- Conference: Ivy League
- Record: 4–20 (2–12 Ivy)
- Head coach: Joe Vancisin (14th season);
- Home arena: John J. Lee Amphitheater

= 1970–71 Yale Bulldogs men's basketball team =

American college basketball season

The 1970–71 Yale Bulldogs men's basketball team represented Yale University during the 1970–71 men's college basketball season. The Bulldogs, led by 14th year head coach Joe Vancisin, played their home games at John J. Lee Amphitheater of the Payne Whitney Gymnasium and were members of the Ivy League. They finished the season 4–20, 2–12 in Ivy League play to finish in seventh place.

==Schedule==

| Date time, TV | Rank^{#} | Opponent^{#} | Result | Record | Site city, state |
| December 2* |  | at Fordham | L 56–74 | 0–1 | Rose Hill Gymnasium The Bronx, New York |
| December 5* |  | Connecticut | W 94–80 | 1–1 | Payne Whitney Gymnasium New Haven, CT |
| December 9 |  | at Brown | L 72–78 | 1–2 (0—1) | Marvel Gymnasium Providence, RI |
| December 12* |  | at Holy Cross | L 65–92 | 1–3 (0—1) | Worcester Memorial Auditorium Worcester, Massachusetts |
| December 16 |  | Brown | L 66–79 | 1–4 (0—2) | Payne Whitney Gymnasium New Haven, CT |
| December 18* |  | vs. Southwestern Louisiana | L 62–64 | 1–5 (0—2) |  |
| December 19* |  | vs. Connecticut | L 76–84 | 1–6 (0—2) |  |
| December 21* |  | at Rice | L 71–91 | 1–7 (0—2) | Tudor Fieldhouse Houston, Texas |
| December 26* |  | at Bradley | L 78–112 | 1–8 (0—2) | Robertson Memorial Field House Peoria, Illinois |
| December 28* |  | at Butler | L 77–96 | 1–9 (0—2) | Hinkle Fieldhouse Indianapolis, Indiana |
| January 2* |  | at Ohio State | L 75–95 | 1–10 (0—2) | St.

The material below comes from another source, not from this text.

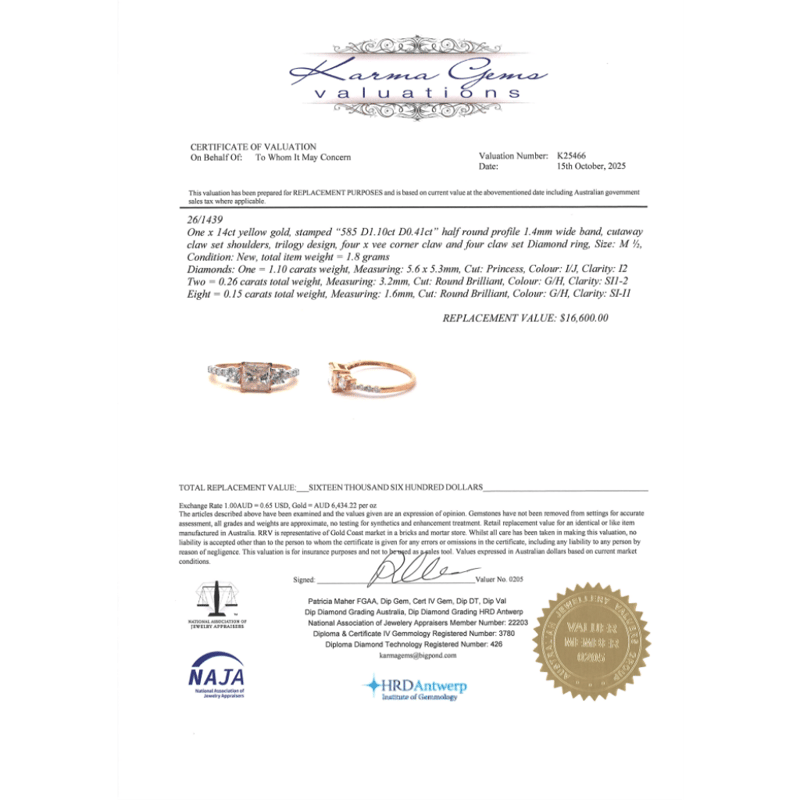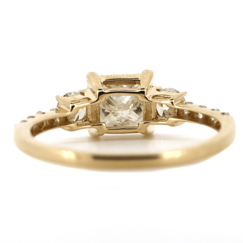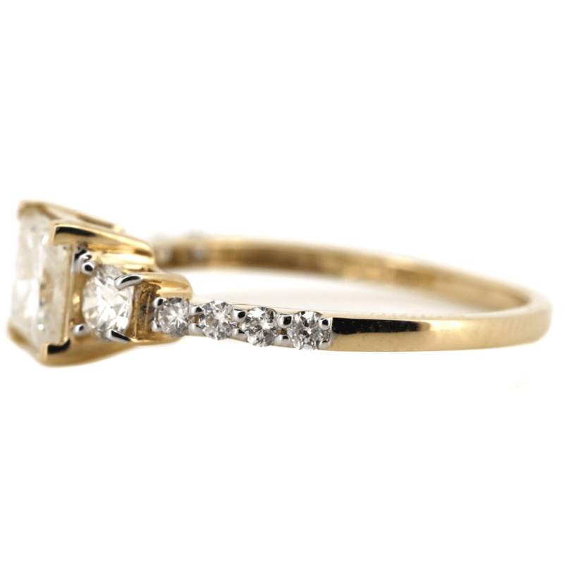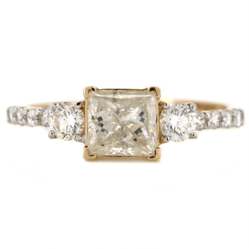 The Centre Features, One Square Princess Cut, Diamond (1.10Ct, I-J Colour, I2 Clarity), Claw Set. Flanking The Centre Are, 2 Round Brilliant Cut, Diamonds (0.26Ct Tdw, G-H Colour, Si1-I2 Clarity), Claw Set. Decorating The Band Are, 8 Round Brilliant Cut, Diamonds (0.15Ct Tdw, G-H Colour, Si-I1 Clarity), Pip-Claw Set. Ring Size M 1/2.

John Arena Columbus, Ohio |
| January 8 |  | Columbia | L 58–73 | 1–11 (0—3) | Payne Whitney Gymnasium New Haven, CT |
| January 9 |  | Cornell | W 74–60 | 2–11 (1—3) | Payne Whitney Gymnasium New Haven, CT |
| January 30* |  | Colgate | W 102–86 | 3–11 (1—3) | Payne Whitney Gymnasium New Haven, CT |
| February 5 |  | at Harvard | L 98–115 | 3–12 (1—4) | Malkin Athletic Center Cambridge, Massachusetts |
| February 6 |  | at Dartmouth | L 65–88 | 3–13 (1—5) | Alumni Gymnasium Hanover, NH |
| February 12 |  | Princeton | L 71–81 | 3–14 (1—6) | Payne Whitney Gymnasium New Haven, CT |
| February 13 |  | Penn | L 77–91 | 3–15 (1—7) | Payne Whitney Gymnasium New Haven, CT |
| February 19 |  | at Cornell | L 72–93 | 3–16 (1—8) | Barton Hall Ithaca, NY |
| February 20 |  | at Columbia | L 71–92 | 3–17 (1—9) | University Heights Gymnasium New York City |
| February 26 |  | at Princeton | L 64–108 | 3–18 (1—10) | Jadwin Gymnasium Princeton, NJ |
| February 27 |  | at Penn | L 63–93 | 3–19 (1—11) | The Palestra Philadelphia, Pennsylvania |
| March 5 |  | Dartmouth | W 94–80 | 4–19 (2—11) | Payne Whitney Gymnasium New Haven, CT |
| March 6 |  | Harvard | L 87–93 | 4–20 (2—12) | Payne Whitney Gymnasium New Haven, CT |
*Non-conference game. ^{#}Rankings from AP Poll. (#) Tournament seedings in parentheses.